The rouble has surged almost 33% against the dollar this year as markets anticipate a possible end to the three-year war.
Western funds face significant challenges in directly investing in Russian assets due to sanctions. However, some are seeking out previously devalued Russian corporate bonds that are now increasing in value.
“There is definitely some excitement, predominantly in the hedge fund community,” said Roger Mark, fixed-income analyst at investment firm Ninety One.
According to the FT, the international rouble trading volumes have plummeted to barely $50 million weekly, compared to billions of dollars before the war.
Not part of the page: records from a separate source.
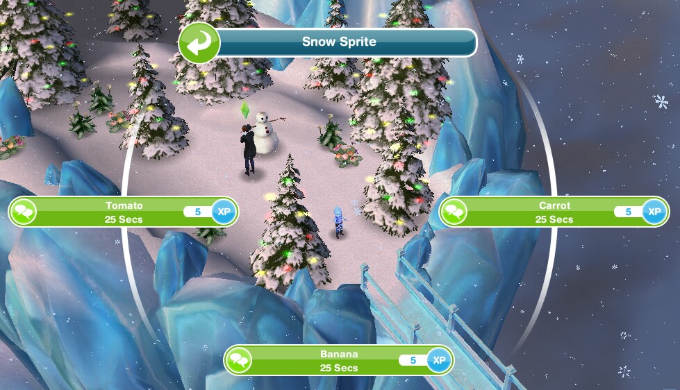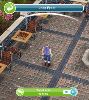 - Sneak up on Jack- 1 second (if blue footprints appear try having your sim move away from Jack before selecting the task or send a sim to the ice palace, they should follow then go back to the park)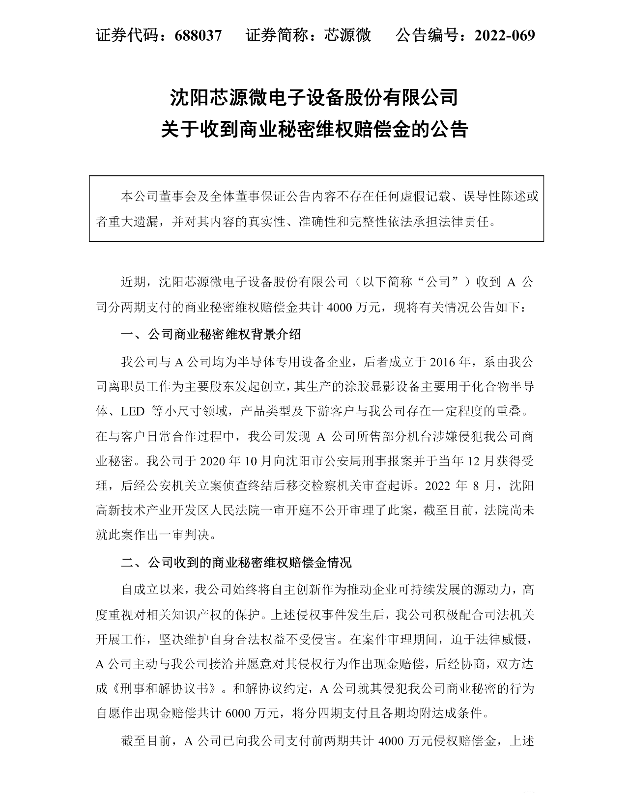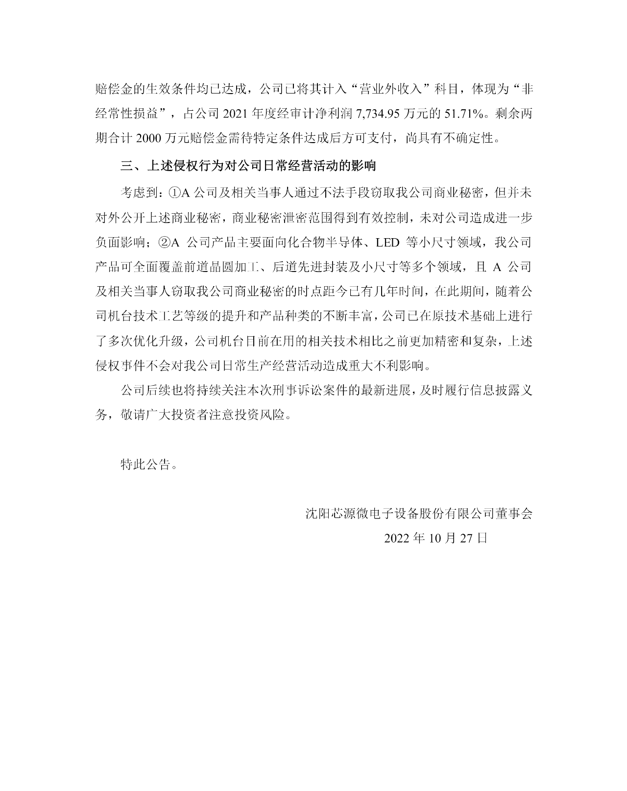 在与客户日常合作过程中,公司发现A公司所售部分机台涉嫌侵犯公司商业秘密。公司于2020年10月向沈阳市公安局刑事报案并于当年12月获得受理,后经公安机关立案侦查终结后移交检察机关审查起诉。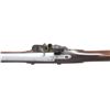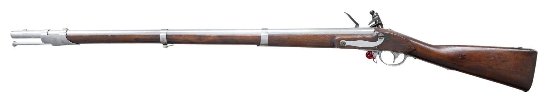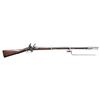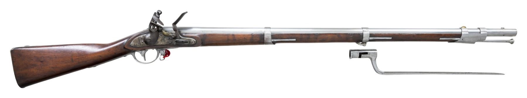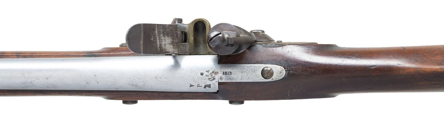 MUSKET WITH BAYONET. Cal. 69. S# NSN. Of 1816 pattern but with shorter barrel and stock; this scarce variation has 36" round barrel attached by three spring retained bands. Rear is marked "VP" and eagle head at left and a "G" "54" at top. Barrel tang is dated "1819". Lock with case hardened plate has reinforced cock, inset brass pan without fence, bridled friction frizzen and feather spring with bulbous finial. Center of lock is stamped with eagle over "US". Tail is marked "HARPERS" "FERRY" "1819". Interior of lock is stamped with matching assembly letter "G" as found on top of barrel. Stock with distinctive low comb is iron mounted with U.S. marked buttplate and Type 1 trigger guard. Steel ramrod with button head is present. Various inspectors marks are visible on stock including "AT" a number of "V"s and a large "AJB" behind sideplate. UNATTACHED ACCESSORIES: unmarked bayonet with triangular blade; fits well. CONDITION: very fine. Barrel and furniture showing re-polish to original type bright finish with some remnants of very light pin prick pitting. Lock appears to have most of its case hardening finish. Eagle is quite soft. A large amount of blue remains on feather spring. Stock is also very fine showing a number of minor marks, but little wear. Bore is bright with some minor pitting toward muzzle. Lock is crisp. Bayonet shows considerable cleaning to silver over deep pitting. As good an example of this scarce U.S. musket as one could expect to find. PROVENANCE: Estate Collection of Nicholas Apergis. (01-27566/MGM). ANTIQUE. $4,000-6,000.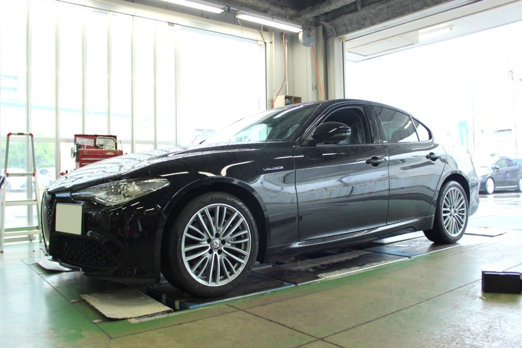 ジュリアはブレーキキャリパーがブラックでグロスブラックのホイールと相性が良いですね~。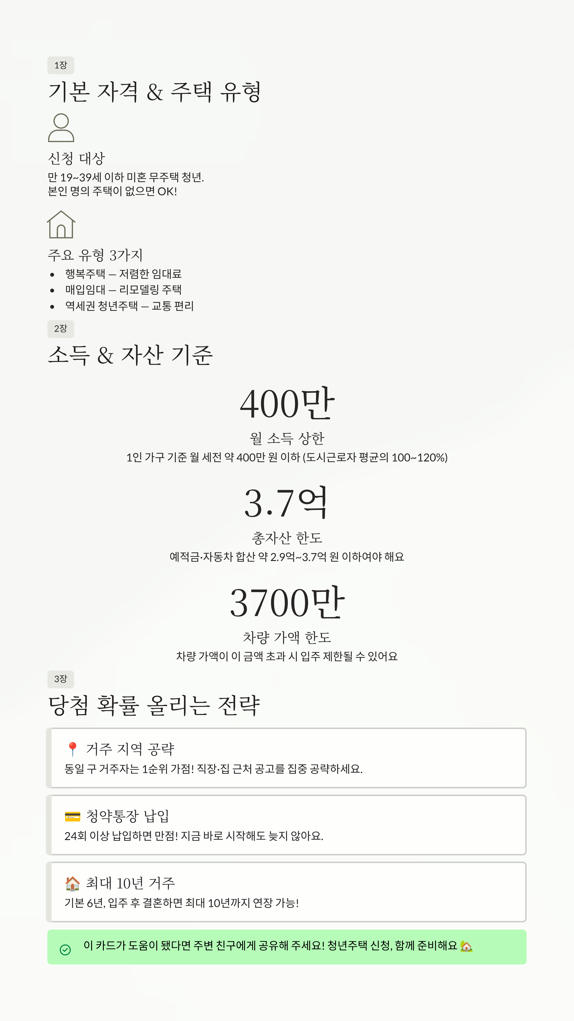 - 비결: 꾸준한 공고 확인과 본인 소득 기준에 맞는 공공임대 유형 집중 공략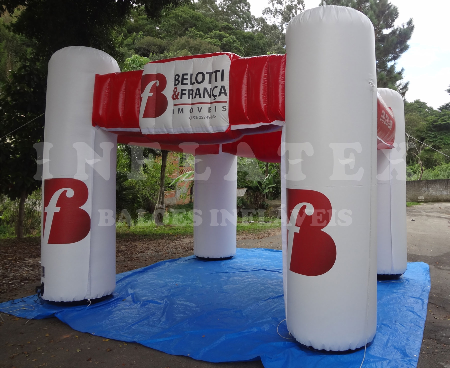 - Tenda Belotti Franca: Design personalizado com logomarcas aplicadas.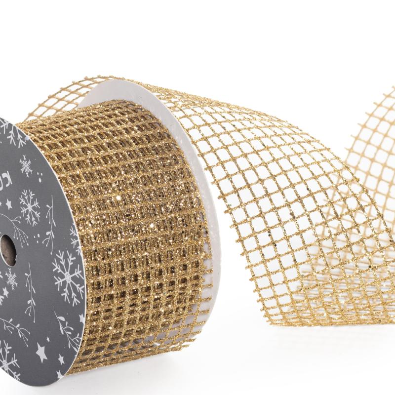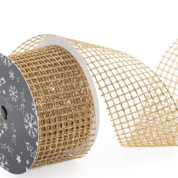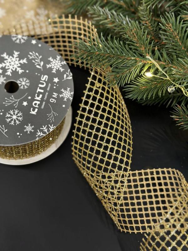 Опис Стрічка новорічна декоративна велика сіточка золото 6,3 х 9 м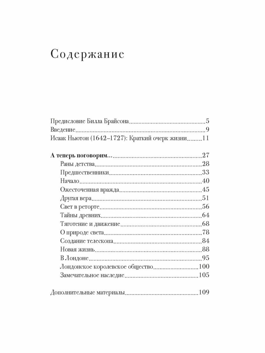 С предисловием популярного американского писателя Билла Брайсона, автора "Краткой истории почти всего на свете" и других бестселлеров. "У Ньютона был нелегкий характер, он был часто неприятен и недружелюбен в общении и поэтому имел очень мало друзей. Он всегда целиком полагался на собственное суждение, и заслужить его уважение было трудно. Вероятно, он неохотно пошел бы на такой разговор, который представлен здесь вашему вниманию, но тем не менее ему все-таки хотелось, чтобы другие люди знали о тех уникальных способностях, которыми он обладал". (Майкл Уайт)
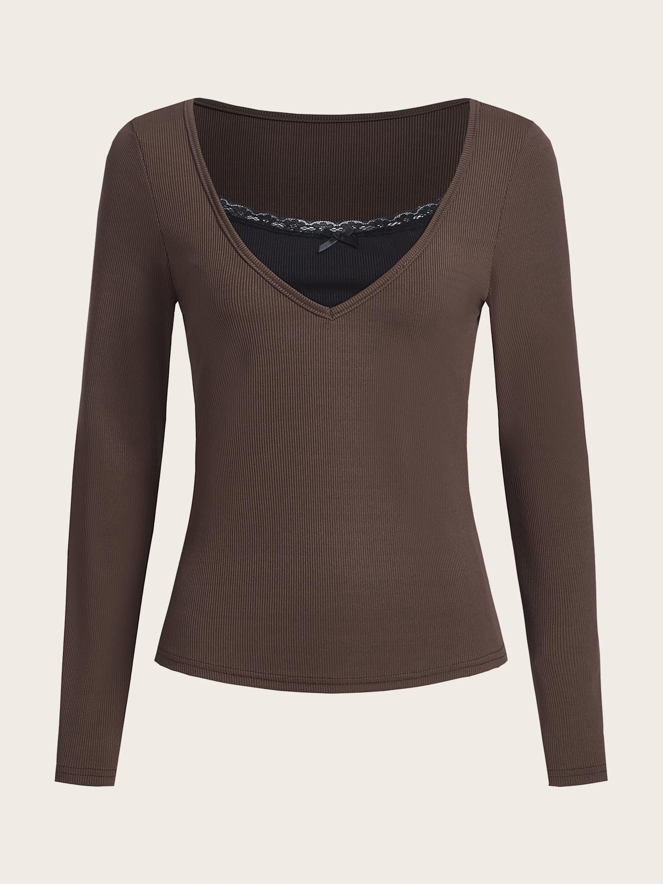 T-Shirt mit 2 in 1 Kontrast Spitzen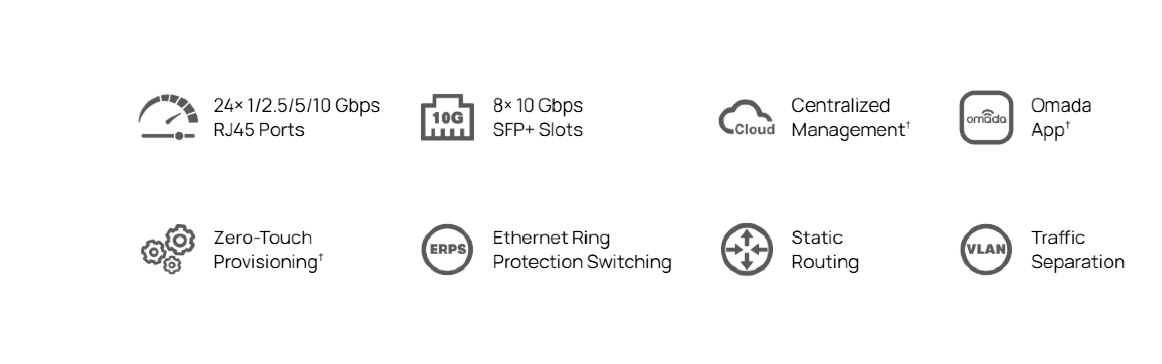 | Funkcje L2 i L2+ | 128 interfejsów IP: obsługa interfejsów IPv4/IPv6 Statyczny Routing: 48 statycznych tras IPv4/IPv6 Statyczny ARP: 128 statycznych wpisów 510 wpisów ARP Proxy ARP Gratuitous ARP DHCP Serwer DHCP Relay: DHCP Interface Relay, DHCP VLAN Relay DHCP L2 Relay Agregacja łączy Spanning Tree Protocol (STP) Wykrywanie pętli zwrotnych (Loopback) Kontrola przepływu 802.3x Mirroring |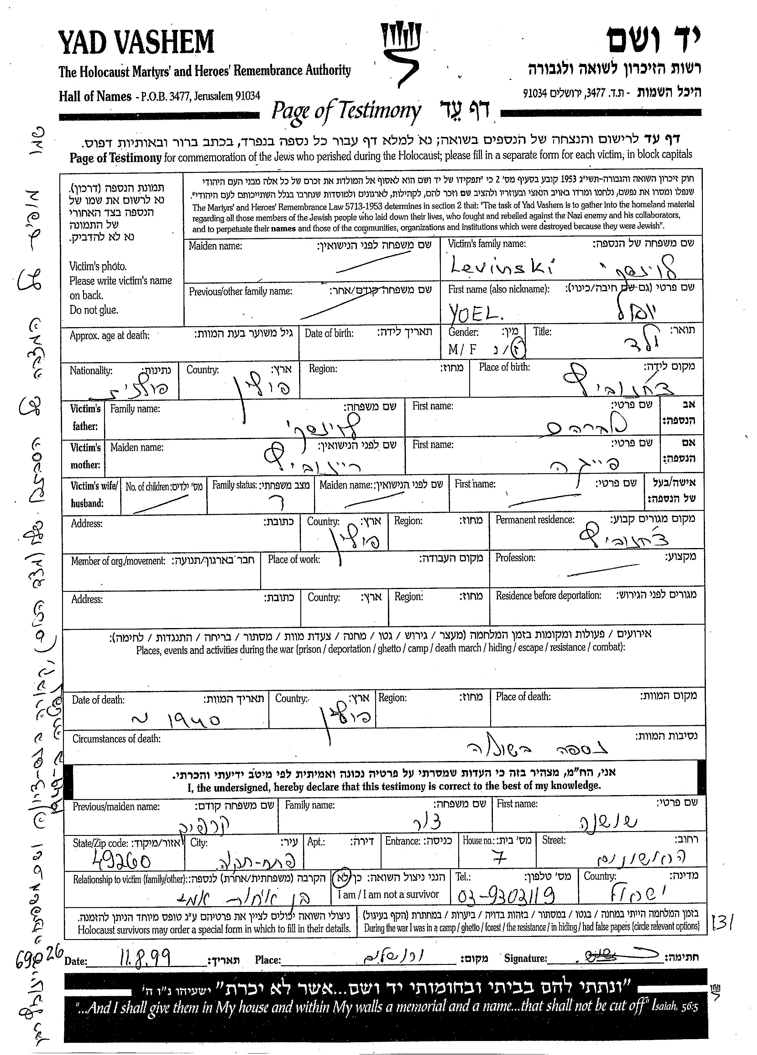| Левински | Йоэль | Цехановец , Польша | Лист свидетельских показаний | |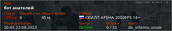 Играет на Counter Strike 1.6 сервере. Страна: РоссияПервый раз замечен 20:30 15.08.2023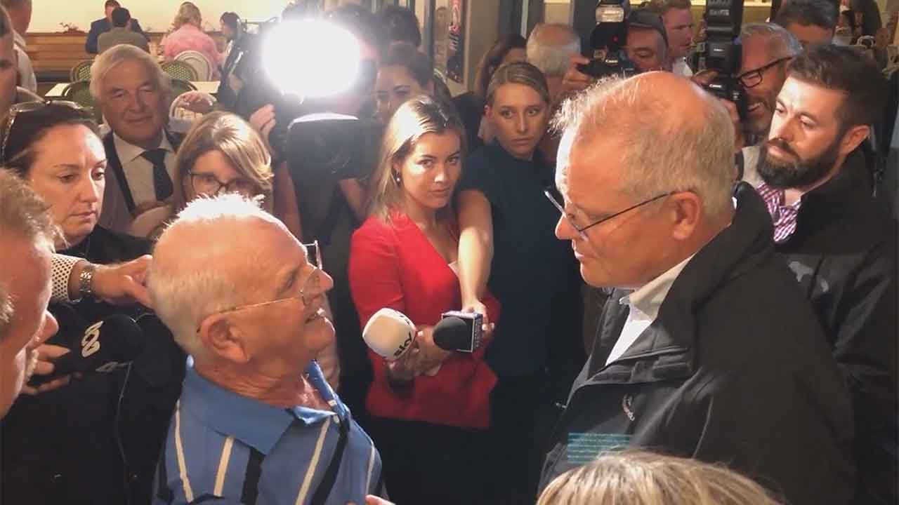 The man berated Mr Morrison and accused him of breaking election promises, including one promising financial support for older Australians.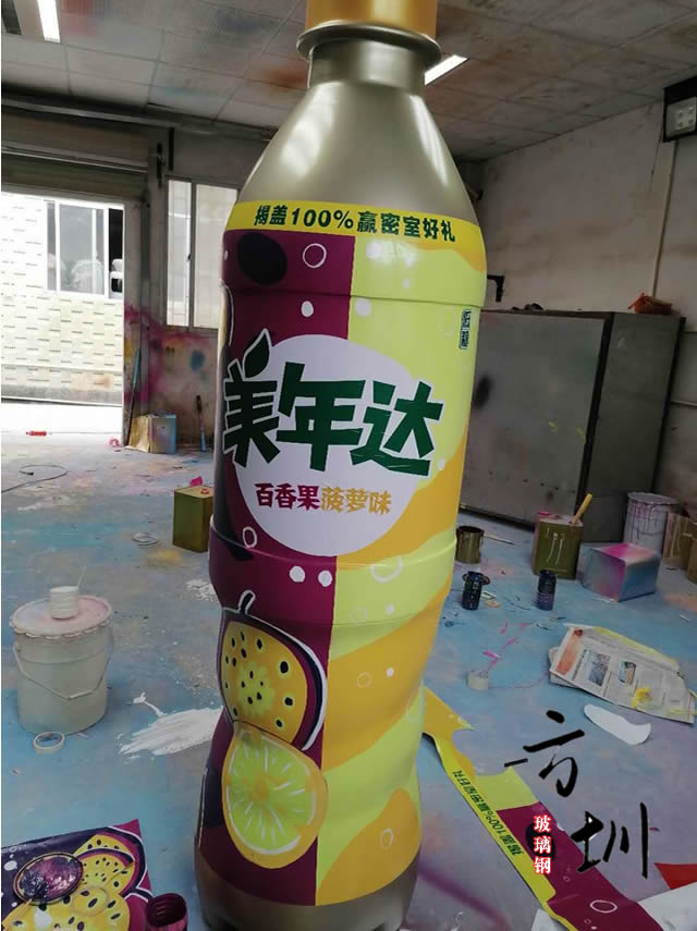 玻璃鋼飲料罐模型是我們一個(gè)四川攀枝花美連達(dá)飲料促銷展在我們工廠定制的,我們工廠專業(yè)定制各種各樣的玻璃鋼易拉罐、飲料瓶以及紅酒啤酒酒瓶,美年達(dá)是被百事公司定位為抗衡可口可樂公司芬達(dá)的一種飲料。于大部分同類飲料一樣,美年達(dá)會(huì)根據(jù)不同市場(chǎng)的需要而發(fā)行不同口味的新配方。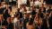 • A high-angle shot of a lively networking event. Professionally dressed people converse and mingle in a spacious, dimly lit venue. Drinks and appetizers are present.

Some investors have turned to Kazakhstan’s tenge as a proxy for the rouble due to economic ties between the countries.
Banks and brokers are offering alternative investment vehicles that avoid direct exposure to Russia. These non-deliverable forwards (NDFs) allow investors to wager on rouble movements while settling transactions in dollars.
The bank recommended going long on roubles using NDFs last month as US-Russia talks began.
Igor Nartov, emerging markets trader at KNG investment bank, confirmed increased interest in these financial instruments. “It seems to be that you phone up when you want to trade [rouble NDFs] and they will offer you levels and dates,” McNamara added.
The investments carry significant risks. If the US tightens sanctions should Moscow reject ceasefire terms, investors could face losses.